Down memory lane Virginia Berridge, a member of the former Convocation and daughter of the late James Stewart Cook, tells us about her father's and her links to the University of London. Your father James Stewart Cook had a long association with the University of London federation, from his student days at Imperial College and LSE, to his involvement with the University of London Union. Can you tell us a little more about his connection to the University and the legacy he left? My father was brought up by his mother in a single parent family as his father, one of the first Conservative political agents, died of TB when he was very young (aged two or three), in the 1900’s. He made his way to university via scholarships and took a degree in chemistry at Imperial College, with later study at LSE. He was involved in student politics and was president of the University of London Union.
James Stewart Cook
He was elected to the Standing Committee of Convocation in 1940 and became a Convocation Senator in 1944. He was also the author of the pamphlet Convocation - A Study in Academic Democracy.

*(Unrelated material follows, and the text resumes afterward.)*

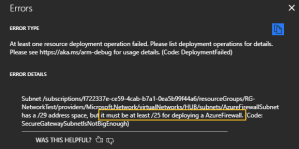 • The firewall needs one dedicated subnet, minimum /25 . It is a fairly large subnet, but suppose it’s because it needs address space to scale out without any restrictions. It isn’t very clear in the documentation and it will not complain about this until you actually deploy the firewall. The subnet must be named AzureFirewallSubnet.
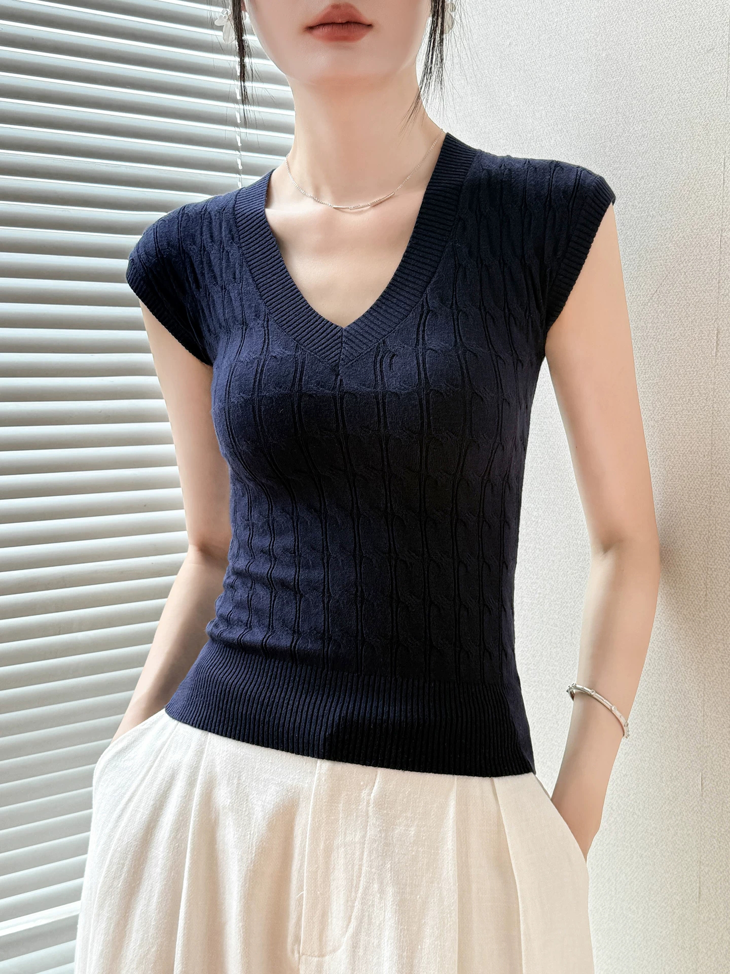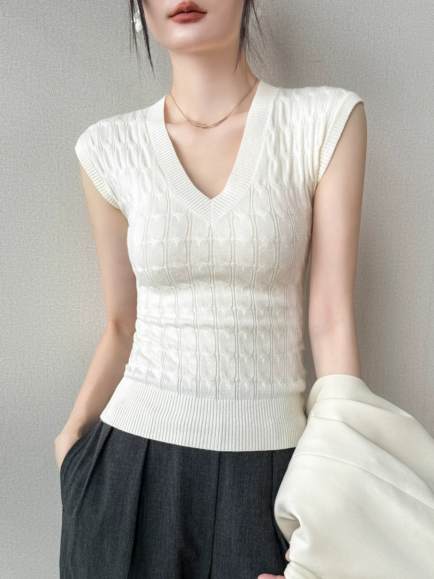 고유 한 어깨 민소매 니트 스웨터 조끼 여성 여름 디자인 센스 몸매 가꾸기 miu 부서 V넥 맨위 여성 만나는 인사이드 가져 가라.

Convocation was a full part of the governance of the University and its elected Senators sat on the University Senate, which was the governing body of the University of London. Of course academic governance has changed in the 21st century beyond recognition to a more managerial model. I would guess few, if any, universities now allow their graduates a governance role of this sort! At the time when my father was a Convocation Senator, some of the leading universities had their own Members of Parliament. So if you were an Oxford, Cambridge or London graduate, you had two votes, one of which was for your university MP. The MP for the University of London, Sir Ernest Graham Little, was supported by a graduates’ association as an independent. A number of London graduates formed the University of London Society, arguing that the graduates’ association was simply a front for getting Graham Little re-elected. They wanted more active involvement for graduates in the University. The new Society was supported by Mary Stocks, the Principal of Westfield College, who nearly unseated Graham Little in the 1945 general election. The Society was a non-political body which continued up to the abolition of Convocation in 2003. Graham Little continued as MP until the abolition of the University franchise in 1950.
James Stewart Cook (pictured third from left) with fellow students
Your father had a varied and inspiring career. What were some of the roles he undertook in his professional life? He worked as an industrial chemist over a wide field: in sugar beet factories in Ipswich, Kings Lynn and Peterborough, as an analyst in the Post Office engineering department and as a chemical engineer in a radio valve factory. He was associated with the British Standards Institution and the Festival of Britain. He was at one stage the organising secretary of the British Association of Chemists and undertook teaching and lecturing also.